Yep. At least that's what Microsoft and IBM use the term "cluster" for
(with exceptions like HPC, of course).

There may be many motivations for using server farms. Complex workloads tend to destabilize Windows over time, so farms become a means of managing that problem.

This is exactly the kind of FUD that doesn't help anyone.

Server farms are a way to scale CPU or static IO intensive workload
horizontally, while still providing redundancy. This is a very good
approach for web applications, as it keeps the cost low and provides
very high performance. It is unsuitable for OLTP workloads, and never
used there.

I'd rather deploy applications to IBM i libraries, and maybe to an additional mirrored server, and be done with it.

The architecture used to deploy an application should depend on what
exactly you want to deploy.

Imagine you want to run facebook: You'll needs lots of static
bandwidth for images and such, and lots of processing power for
rendering customized pages for each of the thousands of concurrent
users, located all across the globe.

Even if you have a 64 socket 595, you'll run out of CPU juice soon
enough.

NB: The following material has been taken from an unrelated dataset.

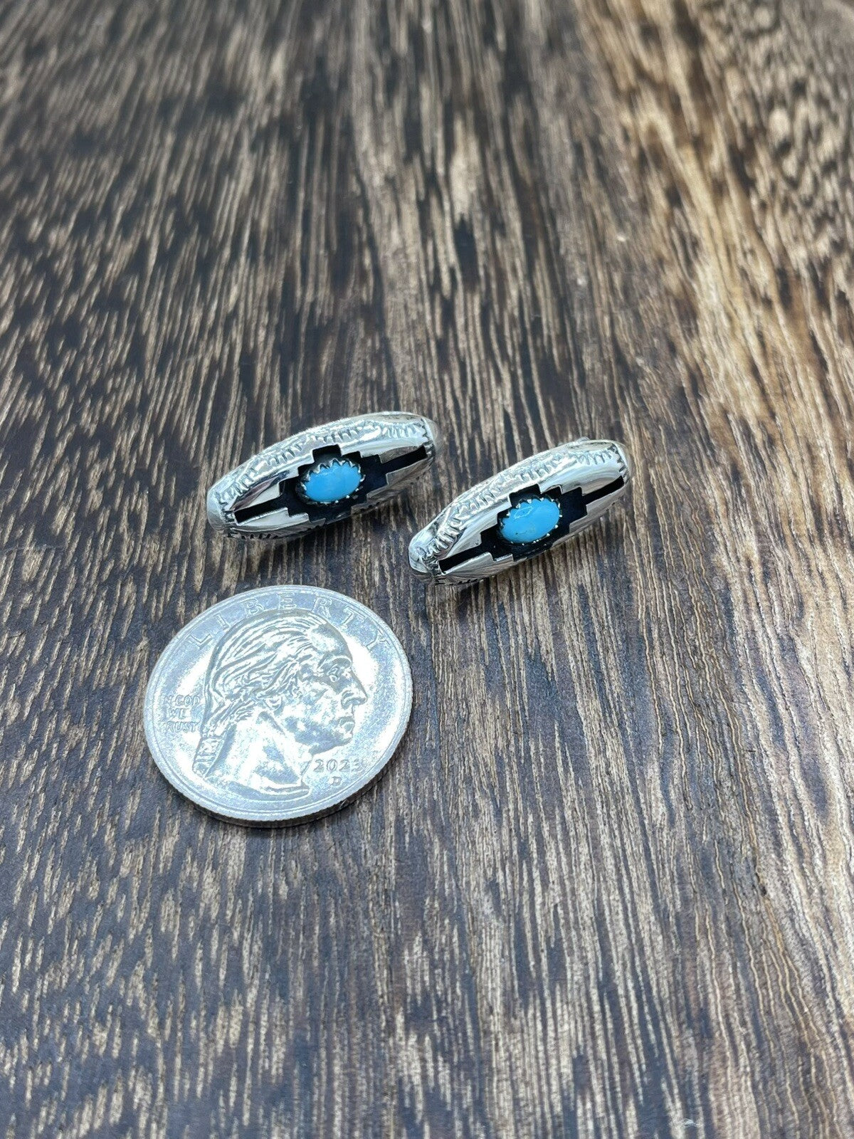Native American Navajo Handmade Silver Turquoise Post Shadowbox Earrings Felix P

And if you need to apply PTFs, facebook will be down. So
you'll need two fully loaded 595, and they still won't be enough.

A better approach would be to use a central DB server (e.G. a
redundant pair of 570) frontended by lots of 520s running the
application.

Things change when you want to run an ERP application, which is very
OLTP heavy. Then, a redundant pair of 595 might make more sense.

The key is to use the right approach for the unique problem your
business is facing - running Facebook is massively different from
running an ERP application.

These key concepts don't even shift much even if you switch platforms
- if you want to run an OLTP heavy ERP on Windows, you're much better
of purchasing an IBM x3950 which can help you scale Windows to up to
96 cores (4 chassis at 4 sockets with 6 cores each).

http://www-03.ibm.com/systems/x/hardware/enterprise/x3950m2/index.html

This that remind you of anything? The general concept behind the x3950
is almost the same as the one used for the Power 570.